Sure, the concern with having scatter-armed genius Ryan Fitzpatrick drop 374 yards of total offense on the Patriots defense in his first start of the season is a legitimate one, particularly since the Bills offense was ranked last in the league in a number of categories entering the game.

A lousy offense looked pretty capable against the Patriots defense, and that's alarming in part because of the suspicion that it could be a harbinger of things to come against teams far superior to the Bills, starting with Miami Monday night.

The victory did little to change the premise that the Patriots' best defense will be their own offense. I don't believe that is necessarily true in the long-term.

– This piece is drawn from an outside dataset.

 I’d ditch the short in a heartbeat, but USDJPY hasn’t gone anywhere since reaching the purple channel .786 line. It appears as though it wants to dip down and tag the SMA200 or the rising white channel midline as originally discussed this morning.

As I've said before and will probably say again a few sentences from now, there is a huddle's worth of legitimate bright young talent on this defense, and as the individuals blossom, the defense will improve.

But, hypothetically, what if it is? What if the Patriots are going to depend on Tom Brady's right arm, the receiving skills of Randy Moss and Wes Welker and Aaron Hernandez and Rob Gronkowski and Brandon Tate and Julian Edelman (and Danny Woodhead!), and a passing game that offers more versatility than even the record-setting 2007 unit could boast about?

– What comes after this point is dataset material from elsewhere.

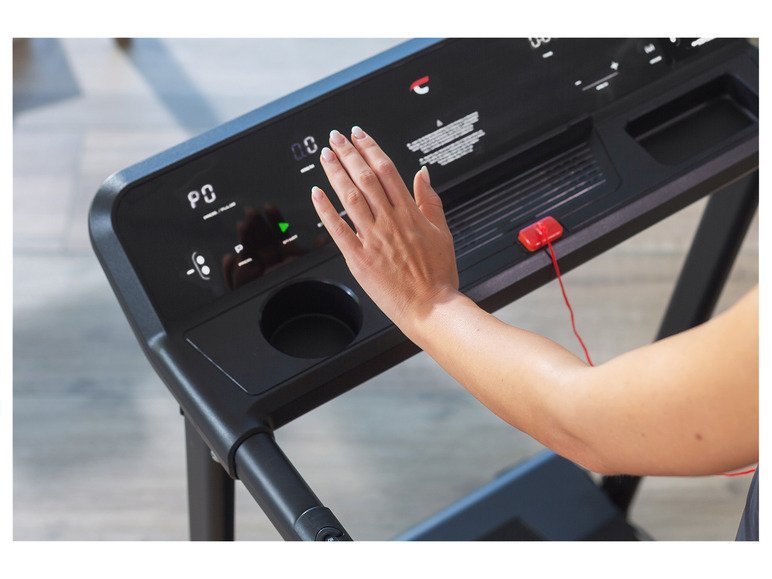 Der übersichtliche Computer inklusive Tablet- und Smartphone-Ablage mit 5 LED-Anzeigen ist leicht bedienbar und zeigt alle relevanten Werte auf einen Blick an. Aus den 12 Trainingsprogrammen kann man sich sein Programm aussuchen oder wie nach Vorgabe von Zeit. Entfernung oder ca. Kalorien nach eigenen Vorstellungen trainieren. Über die in den Handgriffen integrierten Handpulssensoren ist eine Pulsüberwachung beim Training möglich und über die Ferntasten lässt sich das Laufband ein- und ausschalten bzw. die Geschwindigkeit in 0.1-km/h-Schritten ab 1 km/h bis 12 km/h verstellen.

Is that the worst problem to have three games into the season?

The if-you-can't-stop-'em-outscore-'em approached worked for the Saints last year, right up until their defense, ranked 25th in the league in the 2009 regular season, peaked in the playoffs. It worked for the Colts (21st in total D) in 2006, the year they won the Lombardi Trophy.

I'm not saying Patriots fans should book those hotels for North Texas in February. Given the strength of two of their division opponents, it's going to be a brawl to make the playoffs. But the defense is going to get better, and the offense is loaded.

Seems to me that's a recipe for plenty of fun and rewarding autumn Sundays.

* * *

2. While the inevitable improvement of the Patriots' young defense depends wholly upon the learning curve of undeniably talented players such as Ron Brace, Devin McCourty, Brandon Spikes, Jermaine Cunningham, and so on, I can't help but wonder just how much better this defense would look right now if Leigh Bodden hadn't been lost for the season with a shoulder injury.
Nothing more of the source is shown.